- [To do]:
Nothing but the lines from the first line of the entries through the line with "which water was" should appear in the answer, transcribed exactly and free of pictures.

** Entries shown follows **

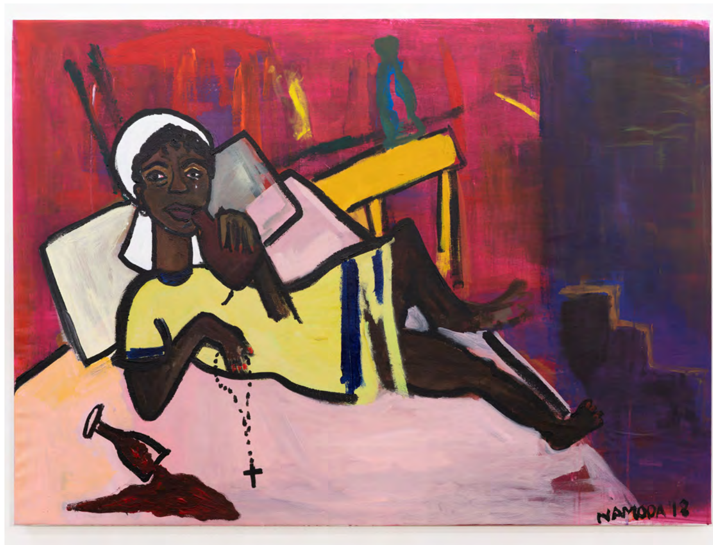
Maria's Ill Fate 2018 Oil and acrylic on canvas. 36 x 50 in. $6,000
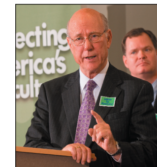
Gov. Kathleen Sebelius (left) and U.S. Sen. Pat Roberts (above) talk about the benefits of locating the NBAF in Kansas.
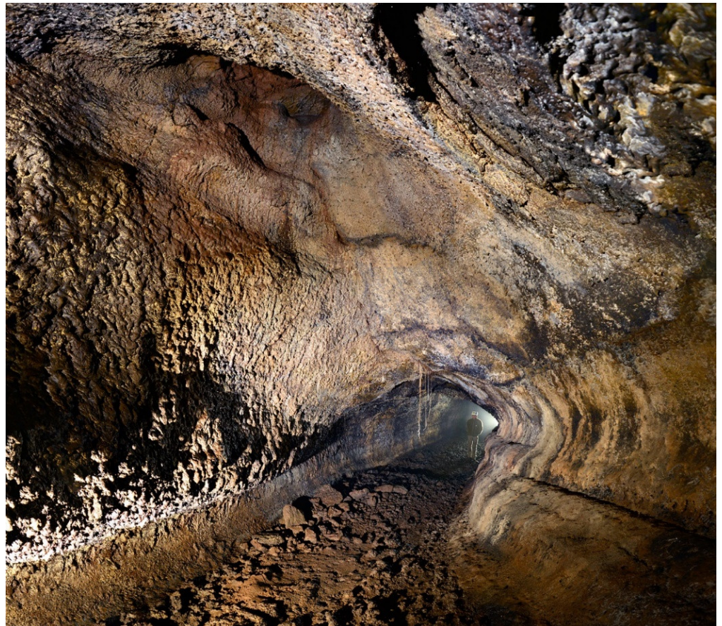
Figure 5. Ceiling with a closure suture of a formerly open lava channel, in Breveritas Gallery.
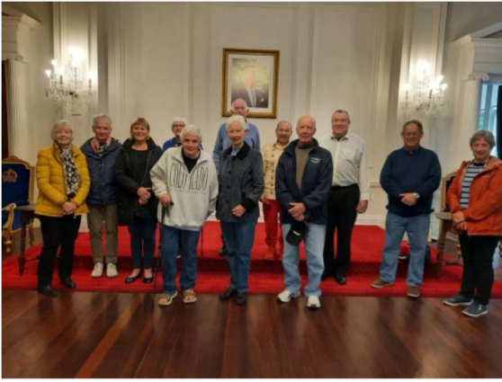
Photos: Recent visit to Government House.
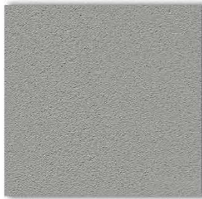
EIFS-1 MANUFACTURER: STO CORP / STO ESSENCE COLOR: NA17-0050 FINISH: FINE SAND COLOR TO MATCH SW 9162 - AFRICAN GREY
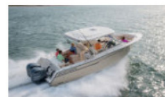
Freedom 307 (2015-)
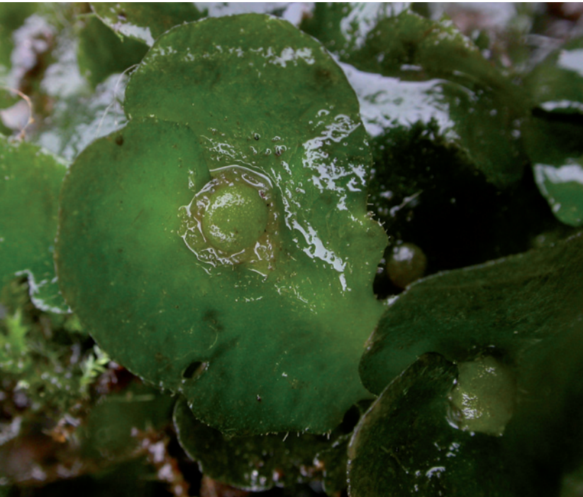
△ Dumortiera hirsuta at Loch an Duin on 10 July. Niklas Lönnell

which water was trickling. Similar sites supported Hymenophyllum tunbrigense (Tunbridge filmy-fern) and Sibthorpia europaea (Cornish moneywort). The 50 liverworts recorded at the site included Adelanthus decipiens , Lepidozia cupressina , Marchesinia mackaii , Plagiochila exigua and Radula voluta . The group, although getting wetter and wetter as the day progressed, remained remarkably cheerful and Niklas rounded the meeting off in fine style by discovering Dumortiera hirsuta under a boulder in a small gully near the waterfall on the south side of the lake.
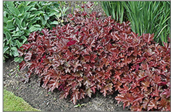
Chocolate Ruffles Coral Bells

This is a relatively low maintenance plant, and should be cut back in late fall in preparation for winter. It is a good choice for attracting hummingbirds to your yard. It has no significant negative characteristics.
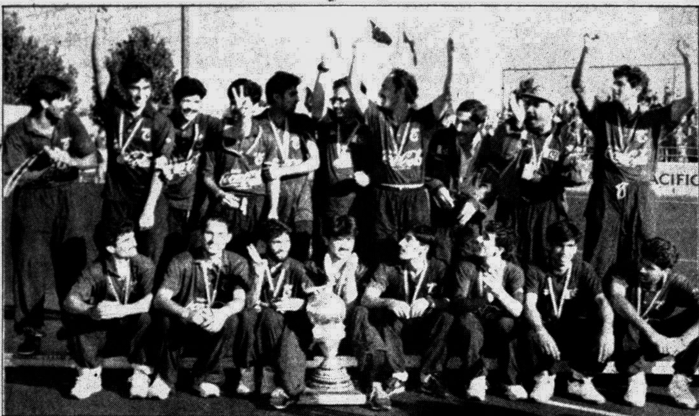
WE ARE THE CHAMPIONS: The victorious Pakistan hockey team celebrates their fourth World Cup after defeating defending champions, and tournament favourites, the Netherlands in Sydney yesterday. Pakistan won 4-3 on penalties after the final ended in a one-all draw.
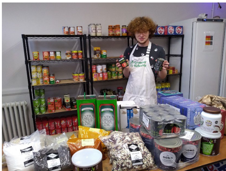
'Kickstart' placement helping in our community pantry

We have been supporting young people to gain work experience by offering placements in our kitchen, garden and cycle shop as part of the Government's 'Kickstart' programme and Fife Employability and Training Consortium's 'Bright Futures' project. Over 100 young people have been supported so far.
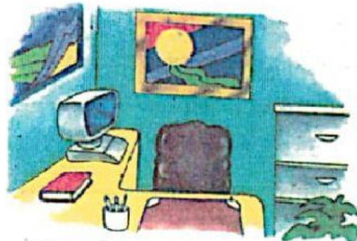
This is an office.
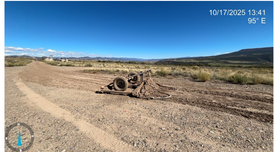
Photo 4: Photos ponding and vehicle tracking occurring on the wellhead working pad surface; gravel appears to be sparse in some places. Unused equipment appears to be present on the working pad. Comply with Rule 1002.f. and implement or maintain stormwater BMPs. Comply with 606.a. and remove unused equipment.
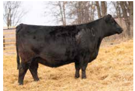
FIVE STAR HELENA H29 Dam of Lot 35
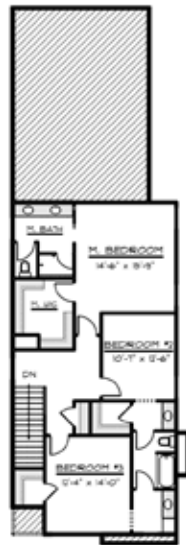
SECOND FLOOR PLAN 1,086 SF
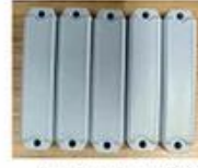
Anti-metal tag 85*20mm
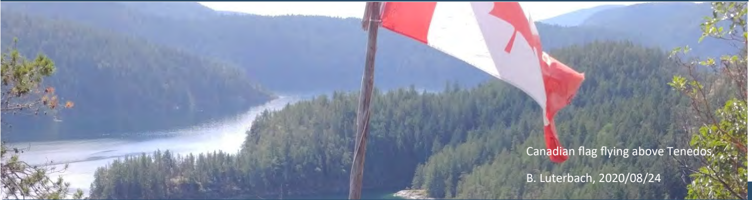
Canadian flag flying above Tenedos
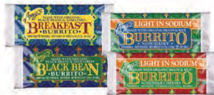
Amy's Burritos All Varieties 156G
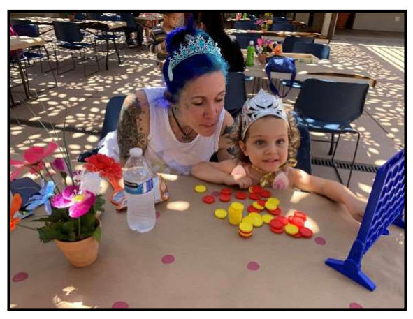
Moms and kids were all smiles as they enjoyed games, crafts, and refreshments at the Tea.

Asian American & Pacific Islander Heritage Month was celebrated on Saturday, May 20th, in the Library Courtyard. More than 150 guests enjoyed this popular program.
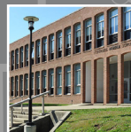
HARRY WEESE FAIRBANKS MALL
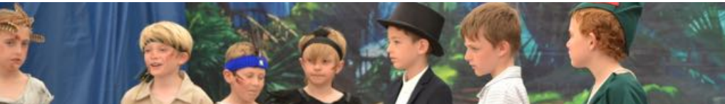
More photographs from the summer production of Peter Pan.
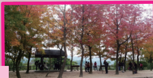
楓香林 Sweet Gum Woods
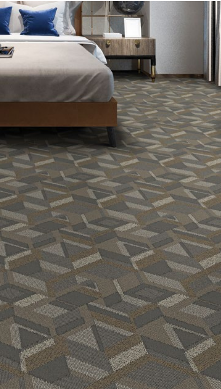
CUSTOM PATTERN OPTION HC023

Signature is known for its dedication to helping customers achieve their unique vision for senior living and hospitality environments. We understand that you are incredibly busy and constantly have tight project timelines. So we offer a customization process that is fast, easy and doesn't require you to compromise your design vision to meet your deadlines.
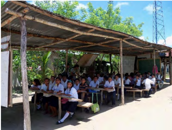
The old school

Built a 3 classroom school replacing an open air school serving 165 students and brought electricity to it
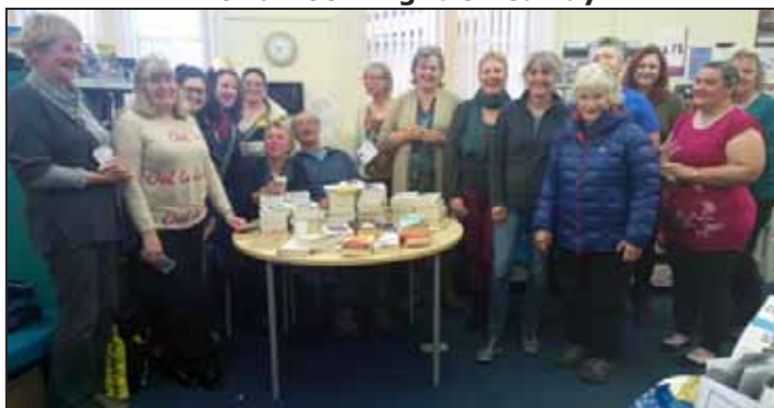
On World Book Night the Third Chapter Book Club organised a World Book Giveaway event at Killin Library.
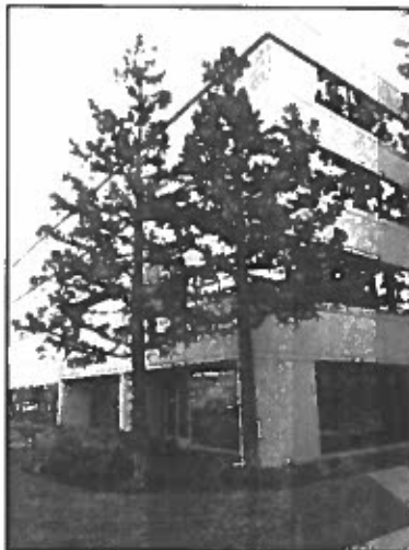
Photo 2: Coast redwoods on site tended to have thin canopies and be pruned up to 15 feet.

** End of Entries shown **

- [Your solution]:
Maria's Ill Fate 2018 Oil and acrylic on canvas. 36 x 50 in. $6,000
Gov. Kathleen Sebelius (left) and U.S. Sen. Pat Roberts (above) talk about the benefits of locating the NBAF in Kansas.
Figure 5. Ceiling with a closure suture of a formerly open lava channel, in Breveritas Gallery.
Photos: Recent visit to Government House.
EIFS-1 MANUFACTURER: STO CORP / STO ESSENCE COLOR: NA17-0050 FINISH: FINE SAND COLOR TO MATCH SW 9162 - AFRICAN GREY
Freedom 307 (2015-)
△ Dumortiera hirsuta at Loch an Duin on 10 July. Niklas Lönnell

which water was trickling. Similar sites supported Hymenophyllum tunbrigense (Tunbridge filmy-fern) and Sibthorpia europaea (Cornish moneywort). The 50 liverworts recorded at the site included Adelanthus decipiens , Lepidozia cupressina , Marchesinia mackaii , Plagiochila exigua and Radula voluta . The group, although getting wetter and wetter as the day progressed, remained remarkably cheerful and Niklas rounded the meeting off in fine style by discovering Dumortiera hirsuta under a boulder in a small gully near the waterfall on the south side of the lake.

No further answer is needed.